Baylor gets an A for curriculum requirements

By Maleesa Johnson
Staff Writer

Of 1,091 colleges surveyed by the American Council of Trustees and Alumni, Baylor is among the 22 colleges that received an “A” rating for its core curriculum requirements.

“The university has long been committed to a strong core curriculum,” said Lori Fogleman, assistant vice president for media relations. “These common courses help develop critical thinking, problem solving and writing skills that provide a strong foundation for our students as they advance in their respective academic fields.”

The survey, titled “What Will They Learn” looks at select colleges’ core curriculum and rates them according to the survey’s criteria.

According to the council survey’s official website, a curriculum that does not require the seven key subjects highlighted in the survey fails to satisfy the basic demands of general education.

“We work with a significant network of scholars and teachers around the nation who advise us,” said Dr. Michael Poliakoff, the vice president of policy for the council. “We’re also very sensitive to what we learn from surveys of business leaders and employers concerning what they value and what they want.”

The seven subject requirements used to grade college curricula are composition, literature, foreign language, U.S. government or history, economics, mathematics and science.

The ACTA created this list from a collaboration of statistics and studies done by scholars and teachers.

“We don’t begin to claim that these are the only valuable or important things that people might study,” Poliakoff said. “These represent the absolute foundation that a student needs to have to build upon with further work.”

Poliakoff said he thinks it is important that colleges require a broader course curriculum to benefit the students.

Students do not know where their life could end up outside of college.

Certain jobs may require them to work outside of their field of study.

“The labor statistics tell us that between the ages of 18 and 46, on average a person can expect to change jobs over 11 times,” Poliakoff said. “Quite a number of them will represent a significant change in field. That is just the nature of globalized economy.”

Baylor satisfied six of the seven course requirements in the survey. Economics was the missing subject, as it is not required.

Baylor was the only school in the Big 12 to receive an “A” rating.

“Baylor has really come together as an intellectual community to think about what it means to be a Baylor graduate regardless of major, regardless of career, what it means to be man or woman educated at that university,” Poliakoff said. “Which is not an easy thing to do because typically people want to move to their specialties. To do what Baylor did means departments have to come together to determine priorities for those very precious moments that fly by in your four years.”

Dr. Frank Mathis, associate dean for sciences and associate chair for mathematics, said the curriculum was set up in a way that encourages the process of learning.

“From a student standpoint they may look at a class as a set of facts they need to know,” Mathis said. “But from our standpoint, we’re not necessarily interested in what you know about geology or geophysics. What we want is for our students to have that experience.
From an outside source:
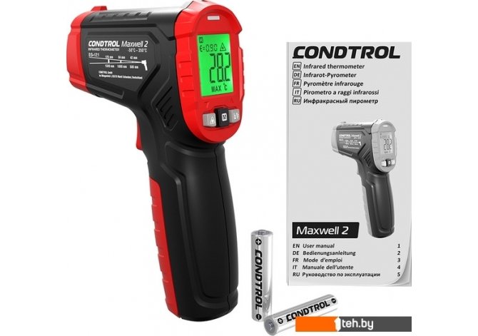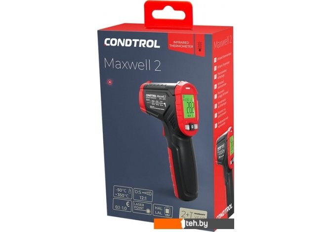 | Информация | ? Пирометр Condtrol Maxwell 2 предназначен для мониторинга тепловых потерь и поиска мостиков холода, зон утечки тепла, засоров в системе теплоснабжения, перегрева подвижных деталей в автомобилях и механизмах. Диапазон измерений температуры поверхности от – 50 °С до 350°С. Прост в использовании, компактен и легок. ? Оптическое разрешение 12:1 позволяет безопасно измерять температуру на расстоянии. Результаты измерений отображаются на дисплее с большими цифрами, которые легко читать. Подсветка обеспечивает работу в условиях плохой видимости. |

The skill you do going through that exercise is a lot more worthwhile than a list of facts.”

Similarly, Poliakoff said the survey itself was a learning opportunity for schools.

He said the most gratifying part of the study is when schools receive their rating and strive to do better, not for the purpose of obtaining the grade, but to enrich the students’ experience.

“Our goal in this is not to give a grade as much as it is to encourage the pursuit of excellence” Poliakoff said.